Dr. Offit also noted that these numbers are impressive especially since the uptake of prevention can continue to be higher. “Only a third of people get their babies the monoclonal antibody, and about 45% get maternal vaccination,” he said. “Was there a decrease in hospitalizations knowing that these products are still underused? And the answer was yes, there was a decrease, so much so that there was a slight decrease in the infant mortality rates.”

Prenatal Vaccine Safety and Hypertensive Disorders of Pregnancy

For the most part, data on the maternal RSV vaccine show that it is safe, with no associations with vaccination and acute safety outcomes, preterm birth, small for gestational age or stillbirth, according to researcher Malini DeSilva, MD, a travel and tropical medicine specialist and pediatrician at HealthPartners Institute, in St. Paul, Minn.

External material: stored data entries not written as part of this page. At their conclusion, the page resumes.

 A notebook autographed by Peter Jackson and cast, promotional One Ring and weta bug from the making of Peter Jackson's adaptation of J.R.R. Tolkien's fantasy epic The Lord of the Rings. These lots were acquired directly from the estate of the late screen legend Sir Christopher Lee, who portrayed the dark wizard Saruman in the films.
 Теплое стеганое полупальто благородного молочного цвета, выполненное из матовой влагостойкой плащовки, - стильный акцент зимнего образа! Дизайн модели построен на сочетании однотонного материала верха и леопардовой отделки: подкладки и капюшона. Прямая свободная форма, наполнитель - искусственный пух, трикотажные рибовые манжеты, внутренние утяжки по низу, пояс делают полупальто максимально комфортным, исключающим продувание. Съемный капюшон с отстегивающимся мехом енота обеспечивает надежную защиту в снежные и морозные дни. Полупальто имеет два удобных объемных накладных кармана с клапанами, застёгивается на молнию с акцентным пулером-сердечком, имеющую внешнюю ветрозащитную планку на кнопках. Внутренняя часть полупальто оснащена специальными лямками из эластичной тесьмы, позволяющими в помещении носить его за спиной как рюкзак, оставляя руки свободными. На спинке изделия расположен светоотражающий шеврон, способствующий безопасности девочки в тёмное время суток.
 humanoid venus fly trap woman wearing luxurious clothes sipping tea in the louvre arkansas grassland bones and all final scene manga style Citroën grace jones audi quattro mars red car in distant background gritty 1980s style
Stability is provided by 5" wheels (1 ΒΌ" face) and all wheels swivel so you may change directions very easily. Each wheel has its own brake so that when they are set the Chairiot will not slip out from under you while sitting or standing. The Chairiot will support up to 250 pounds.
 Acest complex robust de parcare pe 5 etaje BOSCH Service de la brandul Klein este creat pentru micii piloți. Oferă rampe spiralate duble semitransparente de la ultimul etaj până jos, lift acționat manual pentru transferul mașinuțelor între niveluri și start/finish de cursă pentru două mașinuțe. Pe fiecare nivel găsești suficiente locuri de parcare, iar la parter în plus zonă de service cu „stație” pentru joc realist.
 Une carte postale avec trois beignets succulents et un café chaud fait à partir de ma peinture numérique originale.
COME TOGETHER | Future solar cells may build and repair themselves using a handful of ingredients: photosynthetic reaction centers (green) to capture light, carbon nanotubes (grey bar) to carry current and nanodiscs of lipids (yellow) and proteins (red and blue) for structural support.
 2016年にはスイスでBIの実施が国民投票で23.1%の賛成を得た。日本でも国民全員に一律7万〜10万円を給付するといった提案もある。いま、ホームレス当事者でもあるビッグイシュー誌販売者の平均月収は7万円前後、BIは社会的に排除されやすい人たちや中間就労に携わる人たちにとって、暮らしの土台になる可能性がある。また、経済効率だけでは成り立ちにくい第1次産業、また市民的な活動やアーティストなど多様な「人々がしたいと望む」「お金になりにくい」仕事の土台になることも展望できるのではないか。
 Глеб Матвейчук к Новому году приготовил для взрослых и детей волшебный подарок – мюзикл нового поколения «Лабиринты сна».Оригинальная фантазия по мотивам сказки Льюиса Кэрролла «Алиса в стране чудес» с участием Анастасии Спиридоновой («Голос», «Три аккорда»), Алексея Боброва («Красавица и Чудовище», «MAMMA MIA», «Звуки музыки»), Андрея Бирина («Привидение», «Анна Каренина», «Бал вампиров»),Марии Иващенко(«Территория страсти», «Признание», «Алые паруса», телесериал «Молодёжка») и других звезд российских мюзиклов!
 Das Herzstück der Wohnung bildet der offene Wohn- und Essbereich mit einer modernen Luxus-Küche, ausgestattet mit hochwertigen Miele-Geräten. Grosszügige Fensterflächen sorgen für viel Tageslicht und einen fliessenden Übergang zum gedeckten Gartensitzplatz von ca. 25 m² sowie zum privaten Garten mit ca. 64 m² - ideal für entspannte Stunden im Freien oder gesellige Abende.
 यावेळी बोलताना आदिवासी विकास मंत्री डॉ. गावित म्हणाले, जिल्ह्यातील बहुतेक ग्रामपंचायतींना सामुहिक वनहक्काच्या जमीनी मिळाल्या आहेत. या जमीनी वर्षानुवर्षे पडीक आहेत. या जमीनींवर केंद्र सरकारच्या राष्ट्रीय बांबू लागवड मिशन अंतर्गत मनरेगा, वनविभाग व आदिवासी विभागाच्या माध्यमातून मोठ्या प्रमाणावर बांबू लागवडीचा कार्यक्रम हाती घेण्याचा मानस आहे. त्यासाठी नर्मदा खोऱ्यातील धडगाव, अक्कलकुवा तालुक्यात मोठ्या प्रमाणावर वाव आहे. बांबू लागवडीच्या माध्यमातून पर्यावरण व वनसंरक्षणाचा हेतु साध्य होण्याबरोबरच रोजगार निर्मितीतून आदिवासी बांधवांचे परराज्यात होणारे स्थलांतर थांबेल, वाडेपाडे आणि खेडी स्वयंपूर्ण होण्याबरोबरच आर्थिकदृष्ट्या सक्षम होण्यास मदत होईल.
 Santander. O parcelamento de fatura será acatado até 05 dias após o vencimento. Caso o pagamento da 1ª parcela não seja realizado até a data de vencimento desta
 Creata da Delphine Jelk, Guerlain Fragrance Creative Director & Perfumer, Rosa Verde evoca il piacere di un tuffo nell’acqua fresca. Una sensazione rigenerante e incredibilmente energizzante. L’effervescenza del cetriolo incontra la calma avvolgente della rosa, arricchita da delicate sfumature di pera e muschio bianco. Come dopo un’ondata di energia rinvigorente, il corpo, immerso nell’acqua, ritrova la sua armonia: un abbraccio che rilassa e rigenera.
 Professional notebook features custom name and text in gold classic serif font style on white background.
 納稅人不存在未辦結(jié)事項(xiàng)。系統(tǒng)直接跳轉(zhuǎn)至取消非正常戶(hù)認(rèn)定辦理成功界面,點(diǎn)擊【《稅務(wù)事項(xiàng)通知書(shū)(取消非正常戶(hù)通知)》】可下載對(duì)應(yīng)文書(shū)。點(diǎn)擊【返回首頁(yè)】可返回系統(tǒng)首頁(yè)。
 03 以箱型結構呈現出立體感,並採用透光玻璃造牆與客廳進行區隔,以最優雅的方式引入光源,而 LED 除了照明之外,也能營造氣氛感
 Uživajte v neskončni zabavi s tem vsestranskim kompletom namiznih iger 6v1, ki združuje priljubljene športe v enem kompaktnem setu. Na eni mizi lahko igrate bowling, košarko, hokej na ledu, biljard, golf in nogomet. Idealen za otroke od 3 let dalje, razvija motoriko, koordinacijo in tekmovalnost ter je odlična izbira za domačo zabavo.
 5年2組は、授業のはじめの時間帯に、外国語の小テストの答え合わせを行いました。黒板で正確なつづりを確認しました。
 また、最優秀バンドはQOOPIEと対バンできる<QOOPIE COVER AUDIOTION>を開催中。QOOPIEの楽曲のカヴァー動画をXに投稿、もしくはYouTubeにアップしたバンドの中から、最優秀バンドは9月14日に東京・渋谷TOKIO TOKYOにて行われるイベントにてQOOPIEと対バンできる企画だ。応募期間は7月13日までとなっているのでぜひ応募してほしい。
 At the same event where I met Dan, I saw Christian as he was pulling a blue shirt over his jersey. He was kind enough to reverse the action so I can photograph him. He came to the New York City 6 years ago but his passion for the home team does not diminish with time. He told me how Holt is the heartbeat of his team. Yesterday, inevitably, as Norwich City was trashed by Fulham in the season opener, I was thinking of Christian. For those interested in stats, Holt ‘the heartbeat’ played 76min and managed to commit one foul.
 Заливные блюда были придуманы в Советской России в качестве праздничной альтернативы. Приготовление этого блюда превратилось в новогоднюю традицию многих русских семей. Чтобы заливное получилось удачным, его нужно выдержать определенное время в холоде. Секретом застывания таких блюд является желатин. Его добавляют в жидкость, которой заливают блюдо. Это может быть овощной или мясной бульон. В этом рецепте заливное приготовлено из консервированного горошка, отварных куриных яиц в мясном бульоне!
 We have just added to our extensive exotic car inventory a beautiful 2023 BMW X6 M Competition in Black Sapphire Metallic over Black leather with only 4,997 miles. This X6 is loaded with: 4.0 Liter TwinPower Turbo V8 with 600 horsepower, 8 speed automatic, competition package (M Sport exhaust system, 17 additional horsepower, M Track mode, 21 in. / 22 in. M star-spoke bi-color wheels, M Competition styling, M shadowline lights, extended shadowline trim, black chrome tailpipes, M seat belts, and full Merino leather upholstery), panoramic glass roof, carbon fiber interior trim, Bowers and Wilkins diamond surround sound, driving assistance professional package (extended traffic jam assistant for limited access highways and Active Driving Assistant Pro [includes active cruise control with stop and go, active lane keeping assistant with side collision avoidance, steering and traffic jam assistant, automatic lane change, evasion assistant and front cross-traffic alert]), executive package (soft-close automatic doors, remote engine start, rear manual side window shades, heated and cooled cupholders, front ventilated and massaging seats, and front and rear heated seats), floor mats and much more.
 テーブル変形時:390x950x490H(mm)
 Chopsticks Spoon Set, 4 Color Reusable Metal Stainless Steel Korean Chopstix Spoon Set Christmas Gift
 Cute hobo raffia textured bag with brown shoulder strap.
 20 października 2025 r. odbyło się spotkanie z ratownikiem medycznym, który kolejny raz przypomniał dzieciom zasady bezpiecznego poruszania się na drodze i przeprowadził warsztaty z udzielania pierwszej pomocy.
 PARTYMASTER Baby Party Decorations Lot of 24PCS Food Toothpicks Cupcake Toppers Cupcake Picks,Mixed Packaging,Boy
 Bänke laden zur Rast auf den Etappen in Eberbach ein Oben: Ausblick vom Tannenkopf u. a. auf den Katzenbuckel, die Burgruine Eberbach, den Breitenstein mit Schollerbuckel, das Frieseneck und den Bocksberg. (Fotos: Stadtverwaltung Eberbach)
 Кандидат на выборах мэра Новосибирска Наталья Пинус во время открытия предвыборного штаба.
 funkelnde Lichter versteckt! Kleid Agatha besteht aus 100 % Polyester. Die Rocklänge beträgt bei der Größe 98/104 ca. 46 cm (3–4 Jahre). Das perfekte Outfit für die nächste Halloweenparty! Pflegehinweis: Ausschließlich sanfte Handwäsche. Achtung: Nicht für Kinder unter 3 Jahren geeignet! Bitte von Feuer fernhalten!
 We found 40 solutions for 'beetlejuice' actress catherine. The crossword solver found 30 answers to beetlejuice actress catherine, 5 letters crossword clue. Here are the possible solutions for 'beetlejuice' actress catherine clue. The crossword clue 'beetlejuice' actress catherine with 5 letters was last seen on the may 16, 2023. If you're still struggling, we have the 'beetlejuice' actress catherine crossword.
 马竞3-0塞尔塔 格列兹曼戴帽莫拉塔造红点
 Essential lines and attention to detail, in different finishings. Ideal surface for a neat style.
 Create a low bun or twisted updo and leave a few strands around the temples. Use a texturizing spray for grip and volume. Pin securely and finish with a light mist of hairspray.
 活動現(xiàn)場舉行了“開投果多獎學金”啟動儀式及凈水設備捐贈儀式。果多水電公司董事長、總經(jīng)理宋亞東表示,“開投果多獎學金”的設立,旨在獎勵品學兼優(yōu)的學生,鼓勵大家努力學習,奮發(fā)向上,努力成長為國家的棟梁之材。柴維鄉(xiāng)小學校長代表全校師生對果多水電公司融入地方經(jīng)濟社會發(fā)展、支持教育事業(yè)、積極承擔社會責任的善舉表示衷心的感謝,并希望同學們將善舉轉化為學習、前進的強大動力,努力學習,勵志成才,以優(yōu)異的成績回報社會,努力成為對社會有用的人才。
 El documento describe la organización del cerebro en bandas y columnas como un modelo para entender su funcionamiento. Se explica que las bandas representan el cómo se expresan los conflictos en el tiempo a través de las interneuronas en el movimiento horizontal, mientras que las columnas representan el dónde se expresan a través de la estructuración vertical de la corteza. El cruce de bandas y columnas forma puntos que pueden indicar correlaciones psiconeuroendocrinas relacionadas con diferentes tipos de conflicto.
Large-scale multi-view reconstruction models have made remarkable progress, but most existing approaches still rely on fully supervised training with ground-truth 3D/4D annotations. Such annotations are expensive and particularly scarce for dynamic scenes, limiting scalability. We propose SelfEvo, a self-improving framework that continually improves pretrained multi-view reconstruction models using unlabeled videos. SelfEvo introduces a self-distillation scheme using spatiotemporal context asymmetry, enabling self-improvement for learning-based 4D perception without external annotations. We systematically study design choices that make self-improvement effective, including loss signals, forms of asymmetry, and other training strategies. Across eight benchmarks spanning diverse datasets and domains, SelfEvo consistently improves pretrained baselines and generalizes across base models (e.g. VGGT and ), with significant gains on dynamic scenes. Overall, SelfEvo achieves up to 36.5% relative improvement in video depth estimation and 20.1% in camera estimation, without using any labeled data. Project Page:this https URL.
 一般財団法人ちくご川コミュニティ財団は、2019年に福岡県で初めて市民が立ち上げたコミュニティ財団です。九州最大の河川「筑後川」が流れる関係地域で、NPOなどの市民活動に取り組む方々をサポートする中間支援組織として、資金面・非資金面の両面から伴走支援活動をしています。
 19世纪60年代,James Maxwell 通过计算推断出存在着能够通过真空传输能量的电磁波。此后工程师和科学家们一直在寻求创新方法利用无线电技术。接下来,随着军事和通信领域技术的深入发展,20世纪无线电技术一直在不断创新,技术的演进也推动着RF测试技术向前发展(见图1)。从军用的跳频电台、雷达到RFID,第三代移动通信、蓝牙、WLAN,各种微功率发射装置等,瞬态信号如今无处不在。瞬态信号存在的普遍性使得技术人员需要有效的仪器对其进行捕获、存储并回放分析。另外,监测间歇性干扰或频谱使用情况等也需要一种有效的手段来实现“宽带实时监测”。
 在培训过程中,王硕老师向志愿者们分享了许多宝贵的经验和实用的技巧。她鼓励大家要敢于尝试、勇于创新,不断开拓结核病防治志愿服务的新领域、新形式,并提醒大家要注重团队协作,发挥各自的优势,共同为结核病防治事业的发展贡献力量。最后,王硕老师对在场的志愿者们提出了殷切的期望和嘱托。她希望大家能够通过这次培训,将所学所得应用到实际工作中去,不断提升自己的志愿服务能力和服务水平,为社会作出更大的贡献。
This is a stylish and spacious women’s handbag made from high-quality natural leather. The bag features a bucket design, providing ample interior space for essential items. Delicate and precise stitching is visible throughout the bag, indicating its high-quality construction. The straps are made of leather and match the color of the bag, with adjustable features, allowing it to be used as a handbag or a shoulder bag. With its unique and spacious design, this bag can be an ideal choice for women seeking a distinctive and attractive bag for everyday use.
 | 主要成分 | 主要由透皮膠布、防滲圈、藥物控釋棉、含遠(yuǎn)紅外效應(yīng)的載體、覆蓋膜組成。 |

However, there is a small but statistically increased risk for hypertensive disorders of pregnancy (HDP) in pregnant people who received the vaccine, according to Dr. DeSilva. At the same time, the severity of HDP is similar in those who are vaccinated and those who were unvaccinated, she said, where rates of cesarean delivery, admission following birth hospitalization and length of stay were similar in the  groups. There is a potential that a residual confounder or outcome misclassification is affecting these statistics, she said. “Results of the 2024-25 season analysis are pending and will be important for further understanding of prenatal RSV vaccine safety,” Dr. DeSilva said.

New Data Show Nirsevimab Safe in Infants

Data collected following nirsevimab approval and ACIP recommendations continue to show safety in infants, according to a presentation by researcher Matthew F. Daley, MD, a senior clinician investigator who works in pediatric and vaccine research at the Kaiser Permanente Institute for Health, in Aurora, Colo.

In a population of more than 74,000 neonates and infants who received nirsevimab (children combined over two RSV seasons), there was no evidence of increased risks for seizures, immune thrombocytopenia, drug reactions, fever or sepsis. There were no cases of anaphylaxis; however, they did note a small number of non-anaphylacitc allergic reactions, predominantly urticaria. 

They are continuing surveillance, Dr. Daley said, with plans to analyze the 2023-2024 respiratory season, a preliminary assessment of 2024-2025 data, and a final surveillance assessment with data points ending this July.